Sizing heatsink area

Discussion in 'LED and other Lighting' started by Pedro Mello, Aug 12, 2018 at 4:29 PM.

    Pedro Mello

    Pedro Mello Member

    Hi guys,

    I'm calculating the dimensions of an aluminium passive heatsink for my setup.
    After some study I got that my cobs working with aprox 80w (480/6) ea would generate 20% of heat at the worst case temperature.
    Then I made:

    0,2*(80)=16 heat watts

    and sized the dimensions of the heatsink.

    I've reached that a 8'' x 8'' heatsink would handle each cob.

    Is it make any sense?
    Thank you.

    PS: my setup is: 6 vero29 3500K B on a HLG 480w (54V) driver.
    Last edited: Aug 12, 2018 at 4:36 PM

    nfhiggs Well-Known Member

    A COB running at 80% efficiency? - not on your life. Realistic efficiencies are more in the range of 35-55%. At 80W I'd hazard to guess those cobs are running in the 40-45% efficiency range.

    By 8" x 8" - do you mean you need 64 square inches of surface area?
    Randomblame likes this.
    Pedro Mello

    Pedro Mello Member

    I looked at the vero 29 gen 7 catalog :
    Imagining 105°C, then I made 100%-85%=15% of heat generation (which I increased to 20% to include an error margin)

    Which info should I search on catalog to find the correct percentage of heat generate?

    I was planning a 7.984'' wide extruded with 8'' lenght and 46.29'' outer perimeter.

    My way to think was:
    lenght * outer perimeter = surface area

    and 17in² of passive dissipation area for each heat watt

    Thank you for your time, man!

    CobKits Well-Known Member Rollitup Advertiser

    thats impossible
    Randomblame and diyled like this.
    Pedro Mello

    Pedro Mello Member

    I've just realized that but still don't know which info should I look for on the cob's catalog to find the real efficiency and the percentage of heat generate.
    Do you know how may I find that?


    nfhiggs Well-Known Member

    That chart just shows the reduction in light output in relation to temperature normalized at 25C.

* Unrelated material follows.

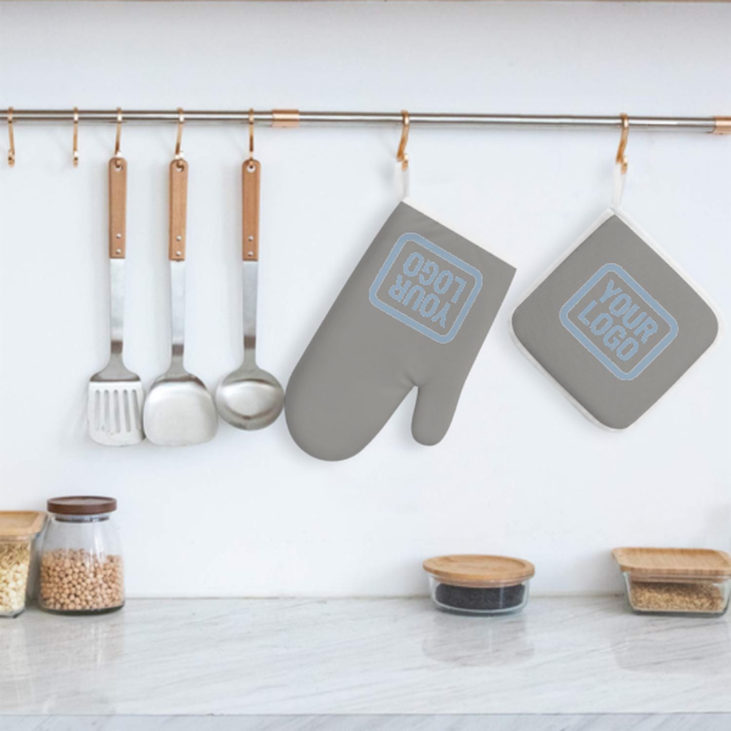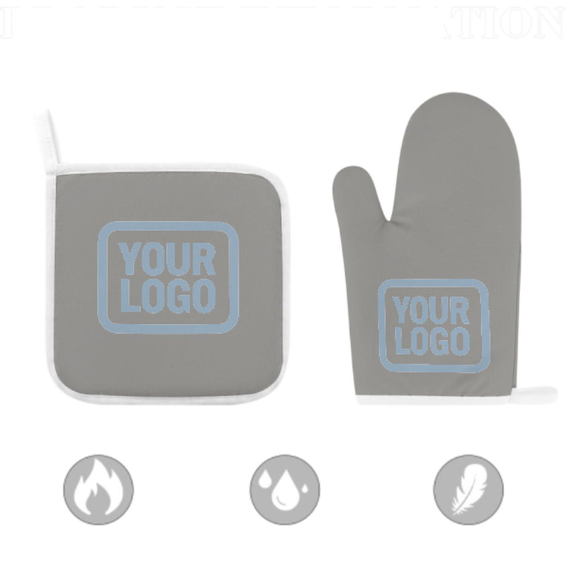 Maßgeschneidertes Grau Hellblau Topfhandschuh Set – 2-teilig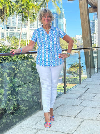 LULU B COASTAL BLOOM SHORT SLEEVE V-NECK COLLAR TOP

    There is a lot more math involved in calculating heat generated. But I would work from an estimate of 40/60 light/heat at 80 watts. Cobkits could probably give you a closer estimate.

    The 8 x 7.984 heatsink you're looking at would probably be enough to cool a COB at 80W with a fan on it, but not passively.

    CobKits Well-Known Member Rollitup Advertiser

    call it 50% and go from there for design purposes

    GBAUTO Well-Known Member

    I will say that my Vero's @80w run right at 50 degC with a 140mm pin heatsink.
    Randomblame likes this.

    nfhiggs Well-Known Member

    The pin sinks are extremely effective at passive cooling - the 7.984 profile.... not so much.
    Randomblame likes this.

    Randomblame Well-Known Member

    You need 110cm² surface area for every 1 heat watt(50°C case temps in mind).
    A 50% efficient 80w COB would produce ~40heat watt and ~40PAR/w of light. A heatsink should have at least 4400cm² to keep the COB around 50°C(cool to touch).
    If you use a small oszillating fan to create a slight breeze across the heatsinks you could get away with 3000cm² but without fan the heatsinks probably reach up to 80°C. Not a problem they are binned at 85°C but there is a risk to burn your fingers, lol.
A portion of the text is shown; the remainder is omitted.